By Greg Ritchie and Ye Xie | Updated on Jun 10, 2026 at 07:21 PM

 

The Marriner S. Eccles Federal Reserve building in Washington, DC. Photographer: Stefani Reynolds/Bloomberg

Bond traders maintained bets that the Federal Reserve will raise interest rates by the end of the year, even after a soft US core inflation reading eased pressure on Chairman Kevin Warsh to act sooner.

Interest-rate swaps showed traders continued pricing in a rate hike by December after the report on Wednesday, and Treasury yields resumed climbing with oil prices later in the session, most by two to three basis points, despite good demand for an auction of 10-year notes.
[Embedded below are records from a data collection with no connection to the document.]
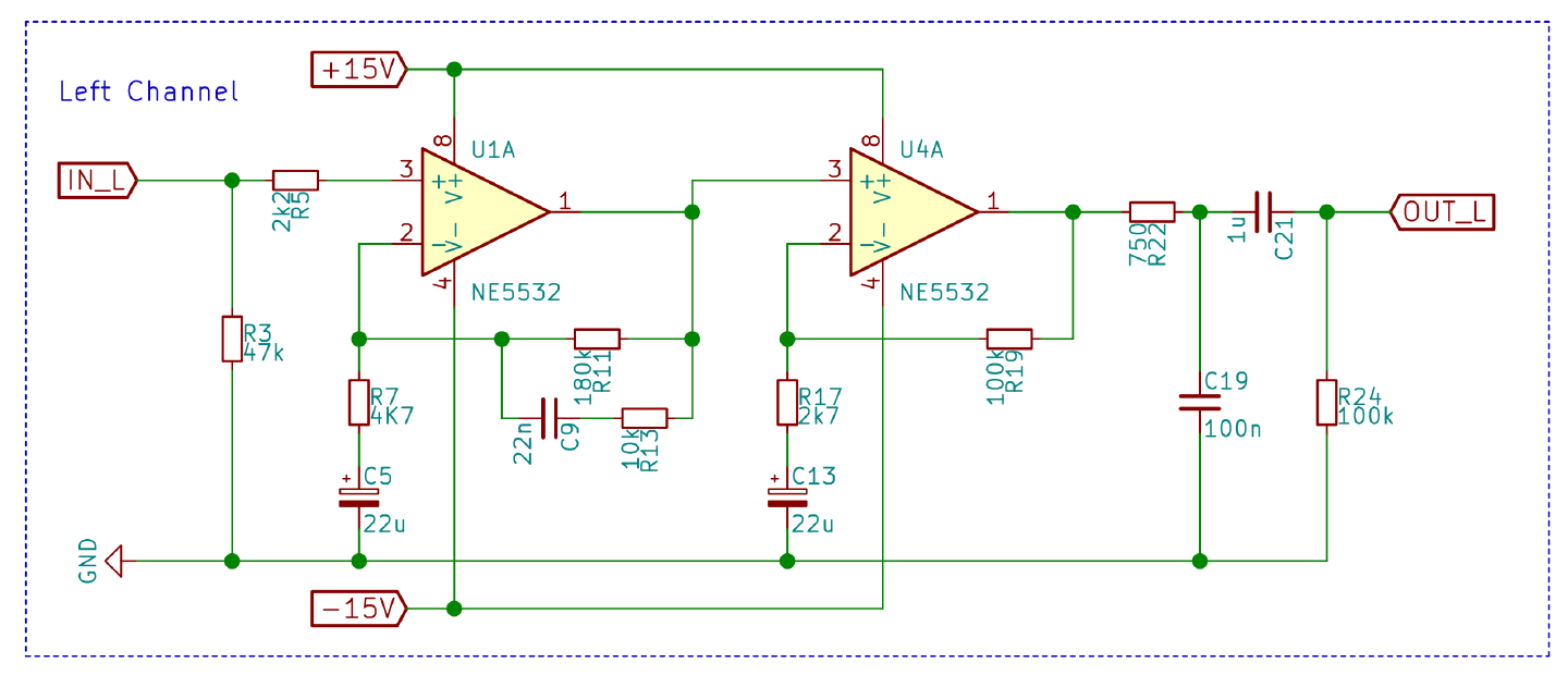 Below is left channel preamp circuit, the right channel is identical. Most notable detail is the OPA2134, which is a dual channel opamp. One unit is used for L+R RIAA equalisation and another unit is used for amplification.
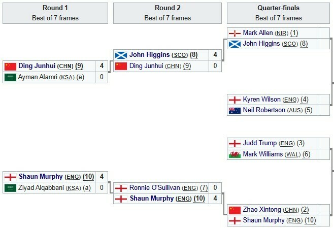 Один из лучших игроков сезона Шон Мерфи, победитель British Open и финалист Гран-при Сианя, находится в отличной форме. Сначала он обыграл саудовского уайлдкард-игрока Зияда Алькаббани (4:0) с брейками 128 и 109. Его дальние удары были безупречными и во втором раунде, тогда как О'Салливан заметно уступал в игровом тонусе.
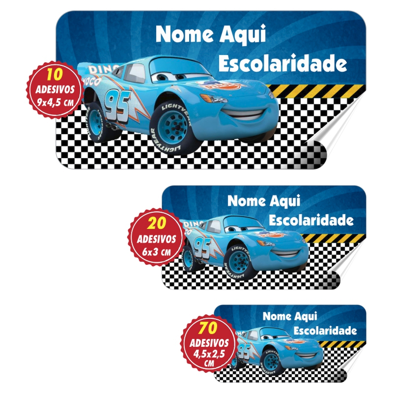 100 Adesivos Carros Disney Relâmpago Mcqueen Para Material Escolar Etiquetas Personalizadas
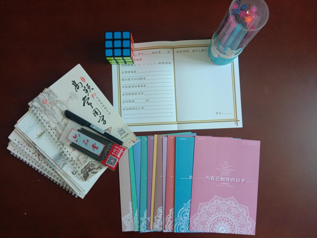 “独处时光·有爱相伴六件套”是油缘心理老师特意为学生挑选的6种减压益智的小工具,包括:察觉自我的心情日志手卡、砺心练脑的魔方、安心静心的字帖、强身健体的呼啦圈、见证成长的种子罐头、专业陪伴的心理援助平台。“与自己相伴的日子”心情日志手卡,由学生心理成长指导中心策划,人文学院文创中心精心设计,以含有beat365英国官方网站元素的14种颜色的14个曼陀罗手卡代表隔离的14天,让学生每天觉察自己的情绪、书写自己的心声、涂鸦自己的潜意识。在曼陀罗手卡的背景上,贴心送上油缘心理小建议,帮助学生在特殊的时期里好好爱自己。
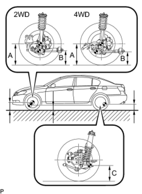 Before inspecting the wheel alignment, adjust the vehicle height to the specified value.
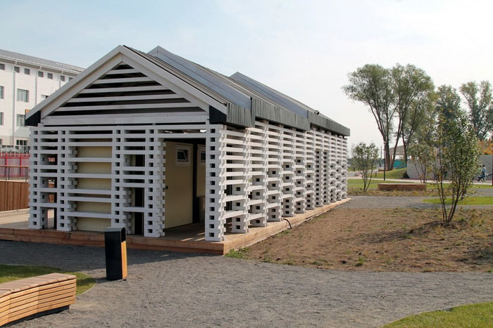 Бетонный забор ФСБ облагородили композитными панелями. Отличное решение. Главное чтобы п****асня с аэрозольными балончиками его не расписала похабщиной.А это (как оказалось) туалеты! Внутрянку проинспектировать пока не смог, заметил это сооружение в последний момент, снаружи нет никаких указателей. И это хреново, граждане. Ну, напишите на стеночках «Мэ» и «Жо», от вас, что, убудет? А такие слепошарые как я — заметят. Другой раз обязательно проинспектирую внутрянку — готовьтесь!

The US dollar slipped.

Still, the consumer price index data for May allayed concern that the war-driven surge in oil prices since late February is leading the US economy into an inflationary spiral that will require a series of Fed rate increases. The swaps market fully prices in only one hike by the end of next year, and among major Wall Street banks, several still predict rate cuts in 2027.

“The biggest takeaway is that it gives the Fed a tiny bit of breathing room,” said Dan Carter, senior portfolio manager at Fort Washington Investment Advisors. “Another hot month would have put a lot more pressure on them on rate hikes, but this is just soft enough to allow them to wait and see.”

The core consumer price index, which excludes food and energy to show underlying inflation, increased 0.2% from April, compared to a 0.3% consensus forecast among economists polled by Bloomberg.

Ahead of the report, traders in the options market linked to the Fed-sensitive Secured Overnight Financing Rate had been piling into positions targeting multiple rate hikes in the coming months. Some had even embraced wagers for a move as soon as September following Friday’s surprisingly strong US employment report.

Those moves capped a vast repricing in the bond market since late February, when the US and Israel’s attacks on Iran sparked a surge in oil prices. That upended bets that the central bank under Warsh would be able to lower rates, as President Donald Trump has advocated.

The core inflation gauge helps isolate the impact of short-term spikes in energy costs on other consumer prices. While headline CPI rose 4.2% from a year earlier, the greatest increase in three years, the muted core gains suggest that a broader inflationary impulse from the oil surge has yet to materialize.

“It’s not nice seeing a 4% handle, and certainly there’s no excuse for easing at this point, but I think the Fed can sit pat,” David Kelly, chief global strategist at JPMorgan Asset Management, told Bloomberg Television. Warsh has no intention “of leading the charge to cut interest rates when you’ve got the inflation rate basically at the unemployment rate target.”

To be sure, oil prices maintain a grip on the Treasury market amid uncertainty about how long Middle East supply will be curtailed. US 10- and 30-year reached session highs in US afternoon trading concurrently with benchmark oil prices, which extended their daily climb to more than 3% after Trump’s latest threats to resume strikes on Iran.

Still, the Treasury Department’s monthly auction of 10-year notes drew a slightly lower-than-expected yield of 4.538%, a sign of strong demand. The $39 billion reopening at 1 p.m. New York time was the second of three longer-term Treasury debt auctions this week. A $22 billion sale of 30-year bonds is slated for Thursday.